Mary touches John’s sleeve as she walks into the kitchen. Her long hair, as always, has been twisted and rolled and pinned in a bundle on top of her head. She smiles until she sees Juna sitting at the table. Like so many others who come into our house, Mary walks a path that keeps her clear of Juna. Most folks are leery of those who have the gift. It’s not that they’re scared. Folks have a way of keeping a comfortable distance from things they don’t understand. But Mary understands the know-how, knows it better than most anyone, so it must be the evil Daddy has always thought took up in Juna’s eyes that frightens Mary.
“I want you to keep a sharp eye on that boy,” Mary says before leaving again. “On Dale. Keep a sharp eye.”
I nod. “Thank you for coming,” I say.
Again, she says, “You keep an eye. No one else. You.”
I sleep all that night at Dale’s side, sitting up in the chair next to his bed. The doctor said if he began to fuss about the pain, which he would eventually because God damn it all, that was quite a break, we should give him a teaspoon of Daddy’s whiskey. That’ll do the trick, he said, but Dale never complains. He sleeps through the night, restless and sometimes mumbling, and in the morning, Juna wakes me with a tap to my shoulder.

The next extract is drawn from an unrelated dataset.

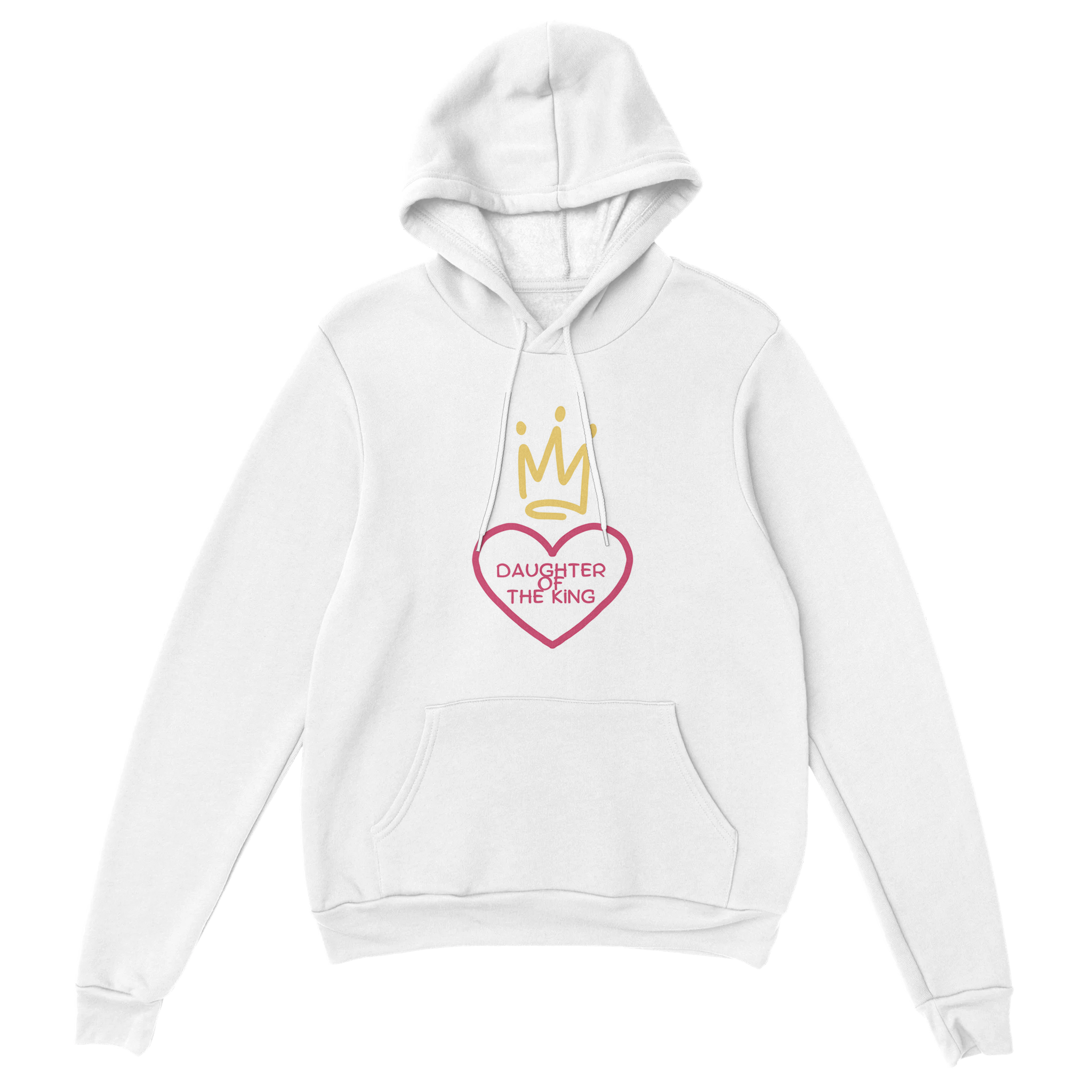 A classic hoodie with a large front pouch pocket and drawstrings in matching color.Preshrunk fleece knitAir jet yarn gives softer feel and reduced pillingDouble-lined hood with color-matched drawcordTear away labelDouble-needle stitching at shoulder, armhole, neck, waistband and cuffsPouch pocket1 x 1 rib with spandexQuarter-turned to eliminate centre creaseFibre content varies by color, see color list for exceptionsThis product is made on demand. No minimums.•Daughter of the King Book Christi Given www.ChristiGiven.com•Size guide SMLXL2XL3XL4XL5XLA) Length (cm)68.671.173.776.278.781.38486B) Half Chest (cm)50.855.9616671.176.28186C) Sleeve Length (cm)85.187.690.292.795.397.8100103 SMLXL2XL3XL4XL5XLA) Length (inches)27282930313233.133.9B) Half Chest (inches)20222426283031.933.9C) Sleeve Length (inches)33.534.535.536.537.538.539.440.6•Care instructionsWashMachine wash warm (max 40C or 105F), wash garment inside out with similar colorsTumble DryLowBleachOnly non-chlorineDry CleanDo not dry cleanIronDo not iron

By herself, Juna has lifted the shutter. A sliver of sunlight, the most the house would see all day, lights up the room and collects in her hair. To look up at her from my seat at Dale’s side, I have to shade my eyes and squint. I forgot while I slept. I forgot the things Juna had done with Ellis Baine and all the others too. I forgot Joseph Carl would likely hang for what he did, and that Ellis Baine and I would never steal away to join Joseph Carl where the wheat grew taller than a man. I forgot Dale disappeared and that he was home again. I forgot I kissed John Holleran.
“Did he wake at all?” Juna asks, shaking me again. “Did he say anything more?”
But then I remember everything. I push aside Juna’s hand still resting on my shoulder, stand, and seeing that Dale is yet asleep, I walk from the room without giving Juna an answer.
I fix Daddy breakfast, same as always, and as he eats, I put out the lamp we kept burning through the night. Usually, I see to it the lamp never goes dry, but Juna must have done it last night, or maybe Daddy himself. Daddy says no to seconds on his coffee and no to seconds on his biscuits. He sits low in his chair, shirt buttoned up to the top button, one boot crossed over the other. He’ll be going to the fields. The other fellows will be helping him, just enough to get back on track. It’s what he’s always needed. A little help. Just a little Goddamn help. Mostly folks stay out of Daddy’s fields because they are cursed, but Dale coming home has softened them, at least for the day.
“Where did you find him, Daddy?” I ask, following him onto the porch.
He tells me I won’t know the spot.
“On up the hill. Farther south than you might have thought. Where the river widens. On up the hill.”
Straightaway, I know exactly where they found Dale. It was Juna and Abraham’s spot, or somewhere near there.
“Blackberries still waiting,” Juna says after Daddy disappears down the road. She is waiting for me in the kitchen, maybe waiting for Daddy to leave. “Won’t Dale like some blackberries?”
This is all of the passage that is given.